=== WORK ORDER ===
Exactly and only the lines below from the one containing "作者將帶領您體驗其系統化的創" down to the one containing "Website custom contact" are wanted, both included; please exclude every picture.

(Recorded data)
--------
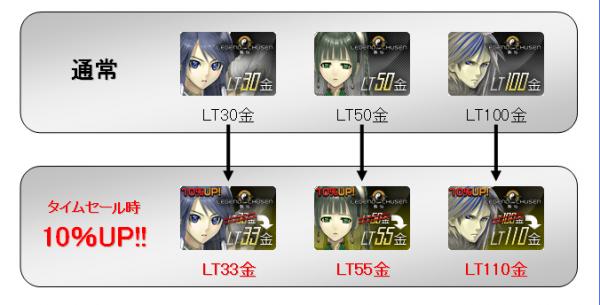タイムセール期間のみ、対象のアイテムチケット(LT30金、50金、100金)が10%増量いたします!
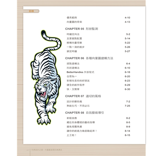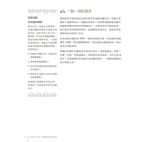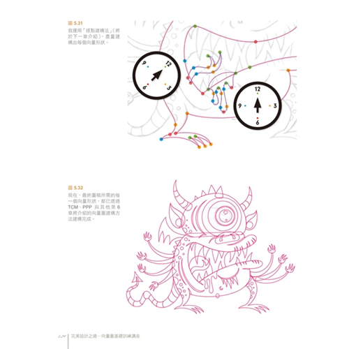 作者將帶領您體驗其系統化的創作程序,透過此程序將能創造出專業化的精準向量圖,與單純使用軟體工具創造出來的作品截然不同。他將利用這個程序使您的繪畫技巧更成熟,並深刻體會如何建立出優雅美觀的向量圖曲線及精準的錨點。
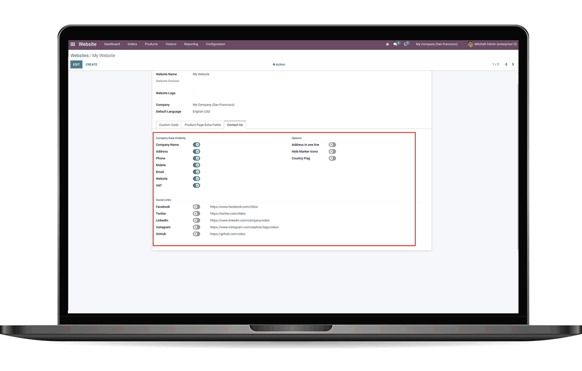 Website custom contact us module helps to manage the visibility of company details on the website Contact Us Page. By activating and deactivating the toggle buttons we can set the visibility of company details in the Website Contact Us Page.
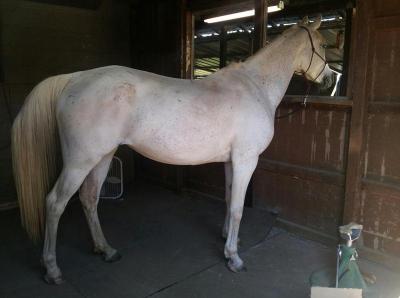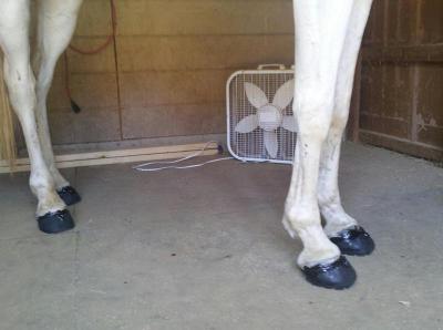 And hopefully, that won’t turn into “Houston, we have a problem.” Trailered Desire down to my trimmer’s, D’s, this morning for a fresh trim and the Glove Glue-on application. It went pretty smoothly overall, though the left front Glue-on went on a little funky and we had to have a second go at it.  D rasped the dried glue off her hoof wall and reapplied it, but then Desire put her hoof back down she slightly twisted right at the end as the glue was already setting, so there is the slightest twist to the left front boot…if any come off it will probably be that one, but there is some small slight chance NONE of them will come off..what a thought..we’ll see. I’ll be carrying Gloves and tape on board, that’s for sure.
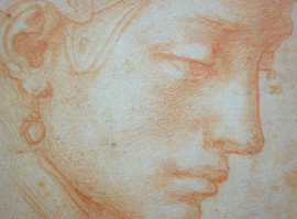 Stampa raffigurante volto di donna a sanguigna, cm 53,5x38,5, entro cornice (difetti)
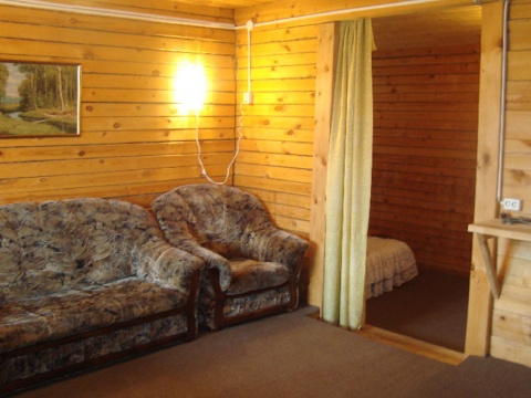 The guest house is built of wood in traditional Russian style.
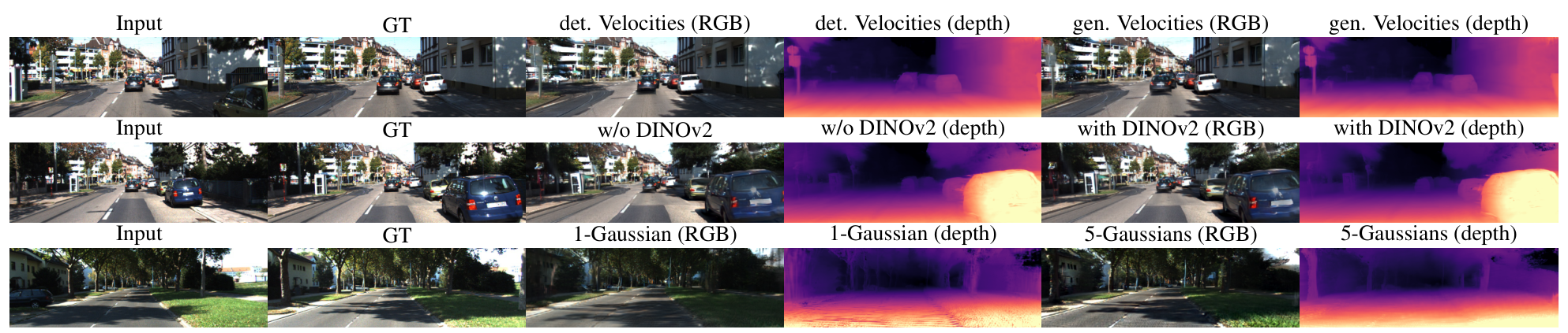 Ablation VisualizationPredicted frames and depth maps at t+0.9s on Waymo, demonstrating that the model with velocities successfully captures vehicle motion while the static version fails.
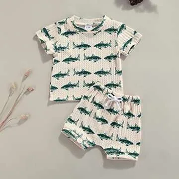 Newborn Baby Boys Summer Cute Clothes Sets 2pcs 0-18M Animal Printed Short Sleeve Pullover T Shirts Tops Shorts (Beige, 3-6 Months)
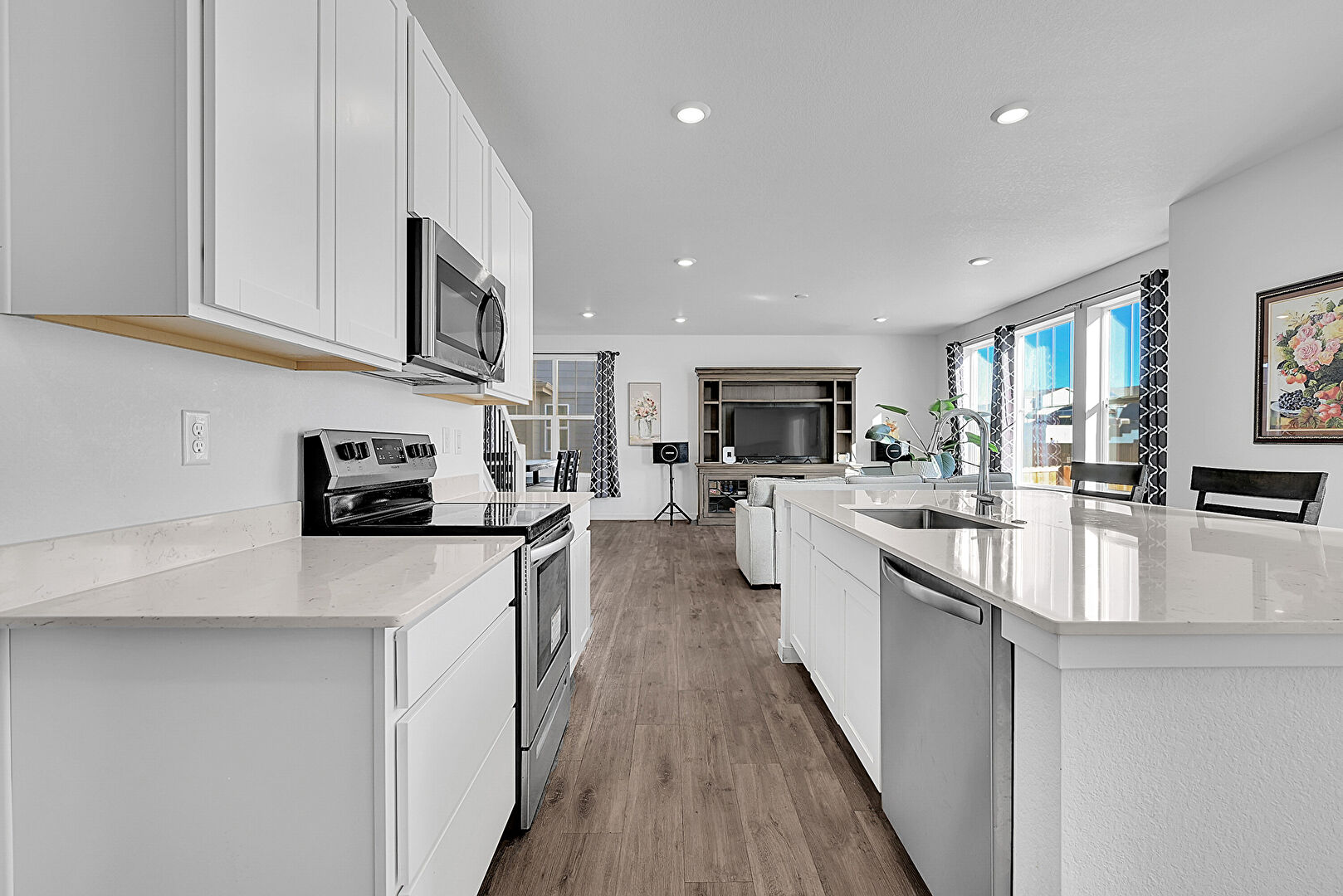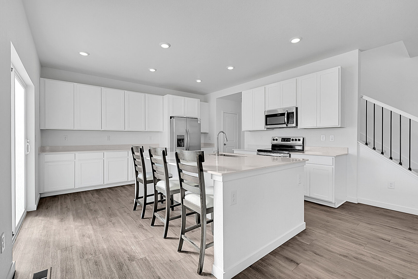 Baseboards Wall, Drywall, Kitchen Bar, Kitchen Island, L Shaped Kitchen, Natural Light, Opens To Living Area, Recessed Lighting, Shaker Cabinets, Stone Countertops, Vent, Wood Finish Floor, Recessed Lighting, Stone Countertops
--------
=== RESPONSE FOR THIS EXERCISE ===
 作者將帶領您體驗其系統化的創作程序,透過此程序將能創造出專業化的精準向量圖,與單純使用軟體工具創造出來的作品截然不同。他將利用這個程序使您的繪畫技巧更成熟,並深刻體會如何建立出優雅美觀的向量圖曲線及精準的錨點。
 Website custom contact us module helps to manage the visibility of company details on the website Contact Us Page. By activating and deactivating the toggle buttons we can set the visibility of company details in the Website Contact Us Page.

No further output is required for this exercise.